Product Interaction: An Algebraic Formalism for Deep Learning Architectures

In this paper, we introduce product interactions, an algebraic formalism in which neural network layers are constructed from compositions of a multiplication operator defined over suitable algebras. Product interactions provide a principled way to generate and organize algebraic expressions by increasing interaction order. Our central observation is that algebraic expressions in modern neural networks admit a unified construction in terms of linear, quadratic, and higher-order product interactions. Convolutional and equivariant networks arise as symmetry-constrained linear product interactions, while attention and Mamba correspond to higher-order product interactions.

💡 Research Summary

The paper introduces a unifying algebraic framework called “product interaction” for constructing deep learning layers. The authors start by defining an algebra over a base field (ℝ or ℂ) as a vector space equipped with a bilinear product. Data features are embedded into a feature algebra A, while auxiliary structural information such as positions or time indices is embedded into a structural algebra B. By taking the tensor product B ⊗ A, a signal becomes a single algebraic element.
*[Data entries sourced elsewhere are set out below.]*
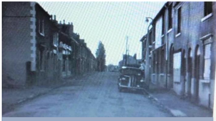
The car is outside the Talbot opposite Hinton's fruit & Veg, New Street

Wolverhampton Road - The Police station was in Wolverhampton Road. If you went down New Street and turned right it was about 50 yards on the right, (yes in those days it was yards and not meters) mind you many of us prefer to still use yards rather than the new confangled meters. Anyway, the following information was given by Lily Daish a few years ago.
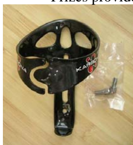
Karbona ‘Castle’ Bottle cages RRP: £24.95 each
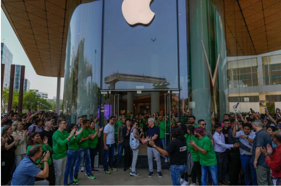
Opening of Apple's first outlet in India: Tim Cook, CEO Apple welcomes a visitor

On Thursday, Mr. Cook will travel to New Delhi to open a second store, Apple Saket, at the centre of the capital's biggest mall.
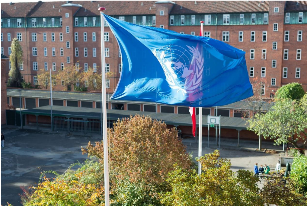
Figure 7: A flag flying in front of Sankt Annæ Gymnasium on United Nations Day.
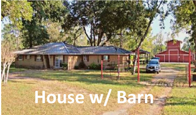
House w/ Barn
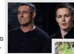
The Barrow Booster

A key construct is the Multiplication operator (O_K), parameterized by a filter element (K) and two linear structural operators (L_1, L_2). It acts as (O_K(X)=L_1(K·L_2(X))), where “·” denotes the algebraic product. By composing several such operators, the authors define product interactions (O_{\text{prod}}). Two composition patterns are distinguished: (2) where the filter is the output of a previous multiplication, and (3) where the filter itself is fed as an input to another multiplication.

The notion of self‑interaction order quantifies how many times the input (X) appears multiplicatively in the expression. Order‑1 interactions correspond to linear operations such as standard convolutions, gated linear units, and classical state‑space models (SSMs). Order‑2 interactions arise when the filter is set equal to the input, yielding quadratic forms; this captures the input‑dependent gating of Mamba. Order‑3 interactions are obtained by nesting a quadratic interaction inside another multiplication, producing cubic forms that match the data‑dependent routing of attention mechanisms and SE(3)‑attention. Higher orders can be built by further nesting, enabling multi‑level message‑passing structures.

The symmetry principle (Definition 3.9) requires that a product interaction commute with any data transformation (T_g) representing a group action. This imposes constraints on the algebra’s structure constants, ensuring equivariance. The framework reproduces known equivariant architectures: translation‑equivariant convolutions (CNNs) as order‑1, SO(2)‑equivariant Harmonic Networks, SO(3)‑equivariant Tensor Field Networks, and SE(3)‑equivariant attention as higher‑order product interactions.

Empirical studies compare models of increasing self‑interaction order on image, sequence, and 3‑D point‑cloud tasks. Results show systematic performance gains when moving from order‑1 to order‑3, provided that appropriate symmetry constraints are retained. Higher order models also incur larger computational costs and risk over‑fitting if symmetry is not enforced. The paper demonstrates that structural operators (L_1, L_2) can implement masking, causal constraints, and neighborhood restrictions, further illustrating the flexibility of the formalism.

In summary, the authors present a single algebraic multiplication operator that, when composed, can generate a wide spectrum of modern deep learning architectures. By controlling self‑interaction order and symmetry constraints, the framework offers a principled way to navigate the design space of neural networks, bridging convolutional, attention‑based, state‑space, and equivariant models under one mathematical umbrella. This work opens avenues for systematic exploration of novel algebra‑driven architectures and for better understanding the trade‑offs between expressivity, symmetry, and efficiency.